A controvérsia tem um paralelo conhecido no Brasil. Veículos de esquerda destacaram que a estratégia de De la Espriella repete o roteiro adotado por Jair Bolsonaro, que ao longo dos últimos anos associou a camisa verde-amarela da seleção brasileira ao seu projeto político. Para esses veículos, o gesto representa uma tentativa de monopolizar o sentimento de pertencimento nacional, sugerindo que apenas um lado do espectro político seria de fato patriota.
A cobertura de centro relatou os fatos de forma mais contida: De la Espriella adotou a camisa como símbolo de campanha; Cepeda reagiu acusando-o de apropriar-se de um patrimônio coletivo; e a polêmica reabriu o debate sobre quem pode reivindicar símbolos nacionais durante uma eleição. Nessa leitura, a disputa é antes de tudo uma controvérsia de comunicação política, em que cada lado tenta capitalizar o significado do uniforme.
Veículos de direita, por sua vez, enfatizaram o ângulo da liberdade de expressão e do patriotismo.
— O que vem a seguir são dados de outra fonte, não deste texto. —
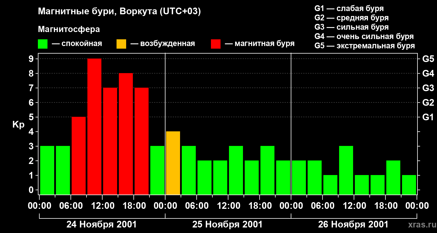 Изменения геомагнитного индекса Kp с 24 по 26 ноября 2001 года для средних широт
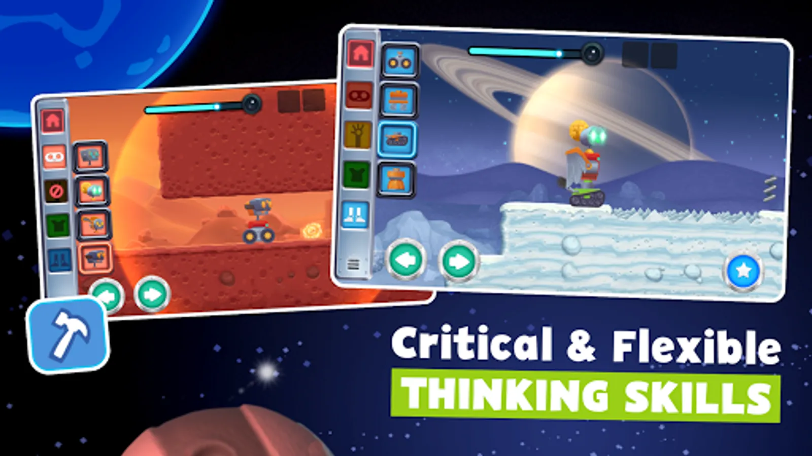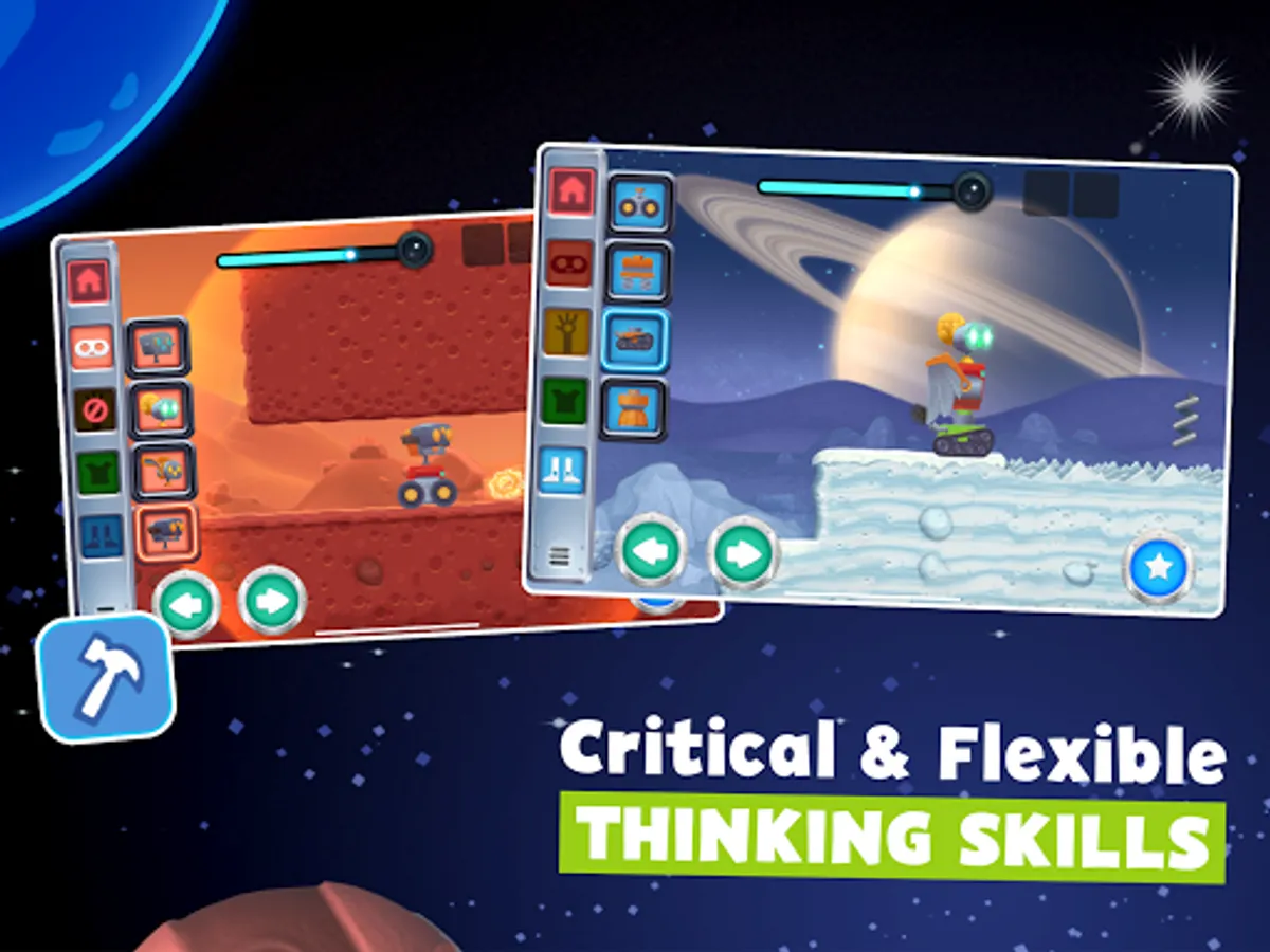 Each planet has a new challenge for your robot. Kids can build new parts and swap them around to find the best way to solve each level, learning critical thinking and problem-solving skills as they do.

Sob essa ótica, vestir a camisa da seleção é um gesto legítimo de amor ao país, e a reação da esquerda revelaria incômodo com a manifestação de orgulho nacional por parte de um candidato conservador. O questionamento, nessa interpretação, seria uma tentativa de reservar a um único campo o direito de definir o que é aceitável dizer e vestir.
O episódio se insere num contexto de forte polarização da política colombiana, em que símbolos nacionais e culturais passam a ser disputados como ativos de campanha. A camisa da seleção, antes um ponto de união em torno do futebol, transformou-se em terreno de embate entre direita e esquerda.
O que ainda não se sabe é como Abelardo de la Espriella respondeu publicamente à acusação de Iván Cepeda, qual será o impacto da polêmica sobre as intenções de voto e se outros candidatos vão aderir ou repudiar o uso do uniforme como símbolo eleitoral. As matérias do cluster registram a controvérsia, mas não trazem o desfecho desse embate.